Records contained in a dataset »
* * * * *
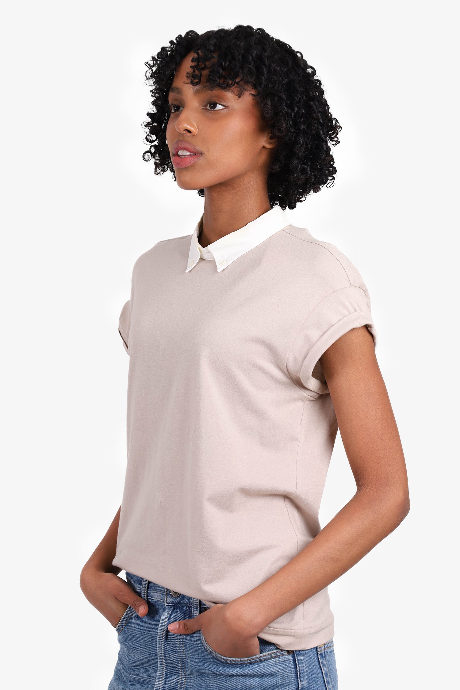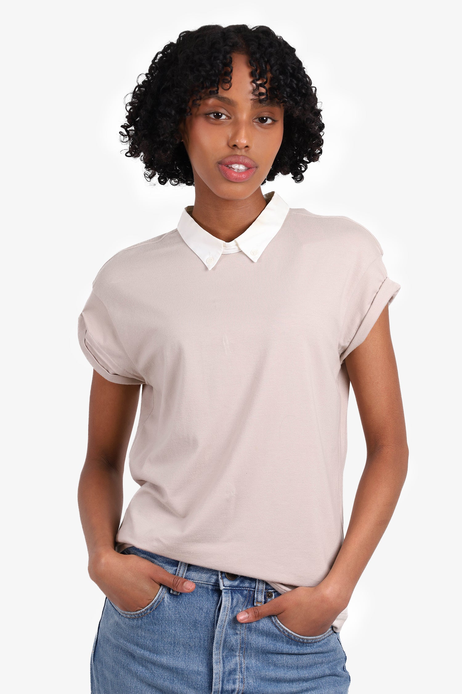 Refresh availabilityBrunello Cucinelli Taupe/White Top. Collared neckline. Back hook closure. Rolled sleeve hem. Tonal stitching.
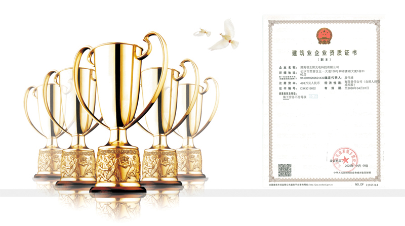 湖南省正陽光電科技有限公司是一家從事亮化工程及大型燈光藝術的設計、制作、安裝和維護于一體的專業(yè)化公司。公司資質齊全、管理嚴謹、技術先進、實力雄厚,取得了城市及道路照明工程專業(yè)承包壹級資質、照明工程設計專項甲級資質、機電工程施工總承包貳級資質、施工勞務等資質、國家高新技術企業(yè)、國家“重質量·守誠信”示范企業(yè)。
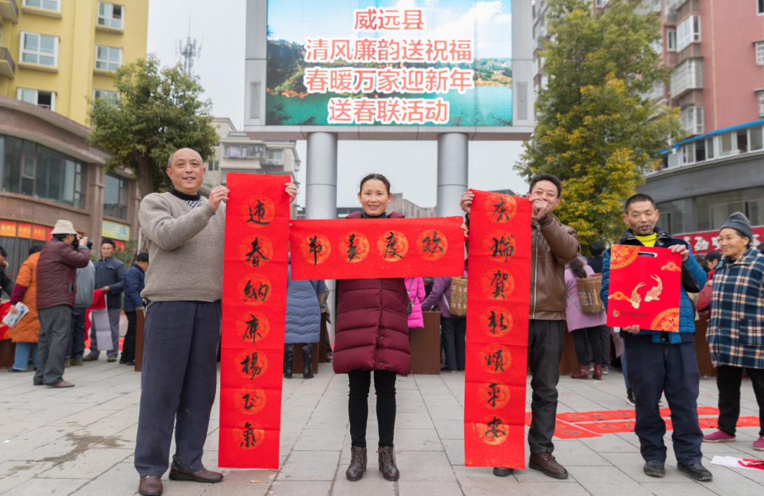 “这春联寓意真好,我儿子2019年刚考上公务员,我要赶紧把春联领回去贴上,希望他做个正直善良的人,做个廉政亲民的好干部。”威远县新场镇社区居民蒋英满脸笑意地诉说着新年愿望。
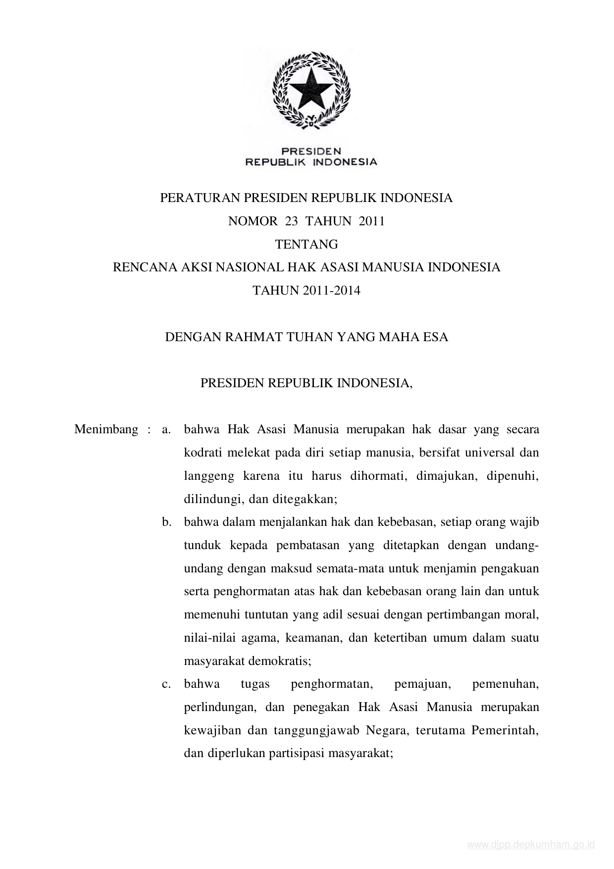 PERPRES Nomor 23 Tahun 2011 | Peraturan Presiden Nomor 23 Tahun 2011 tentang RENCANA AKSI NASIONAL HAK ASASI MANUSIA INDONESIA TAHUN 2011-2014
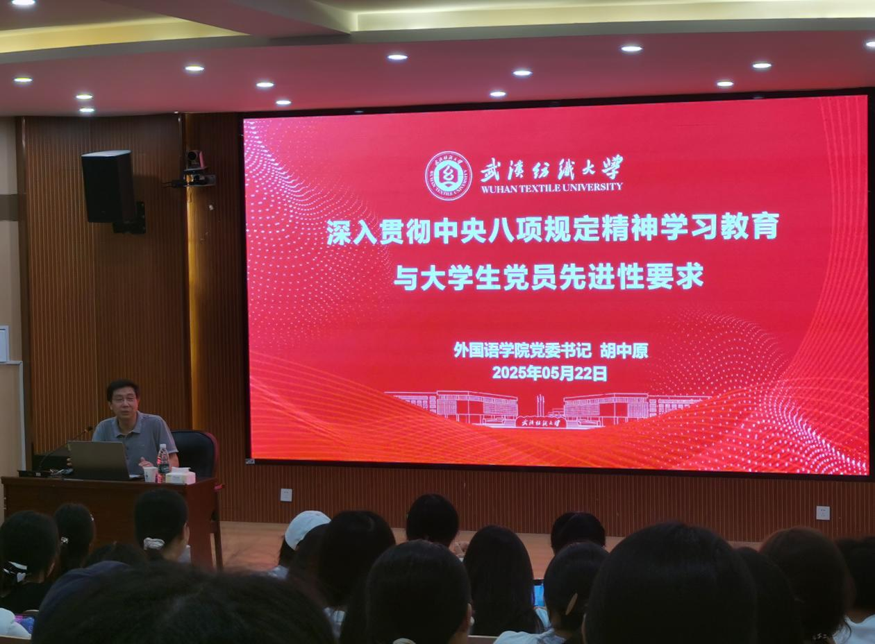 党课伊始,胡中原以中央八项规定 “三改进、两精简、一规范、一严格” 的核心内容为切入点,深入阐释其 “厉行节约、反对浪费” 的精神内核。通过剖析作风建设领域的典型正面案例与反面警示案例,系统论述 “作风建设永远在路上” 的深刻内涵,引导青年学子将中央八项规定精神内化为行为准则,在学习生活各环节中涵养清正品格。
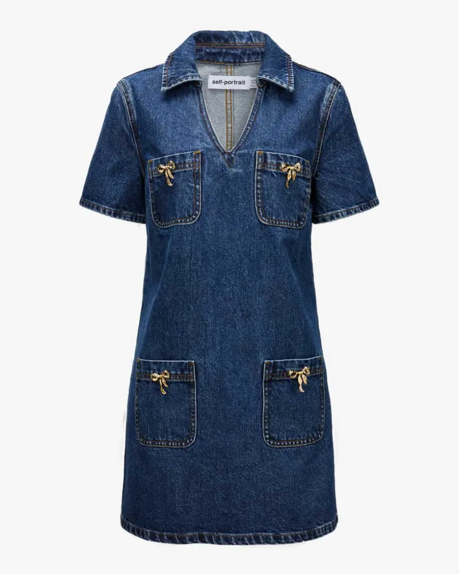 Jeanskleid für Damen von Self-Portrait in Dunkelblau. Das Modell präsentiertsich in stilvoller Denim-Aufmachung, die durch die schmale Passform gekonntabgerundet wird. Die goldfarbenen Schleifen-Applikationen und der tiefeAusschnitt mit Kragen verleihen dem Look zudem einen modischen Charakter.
* * * * *
TASK DETAILS » Could you reproduce exactly, and only, the lines from the start of the records through the line containing "湖南省正陽光電科技有限公司是", leaving out the pictures?

SOLUTION TO THE PROBLEM »
 Refresh availabilityBrunello Cucinelli Taupe/White Top. Collared neckline. Back hook closure. Rolled sleeve hem. Tonal stitching.
 湖南省正陽光電科技有限公司是一家從事亮化工程及大型燈光藝術的設計、制作、安裝和維護于一體的專業(yè)化公司。公司資質齊全、管理嚴謹、技術先進、實力雄厚,取得了城市及道路照明工程專業(yè)承包壹級資質、照明工程設計專項甲級資質、機電工程施工總承包貳級資質、施工勞務等資質、國家高新技術企業(yè)、國家“重質量·守誠信”示范企業(yè)。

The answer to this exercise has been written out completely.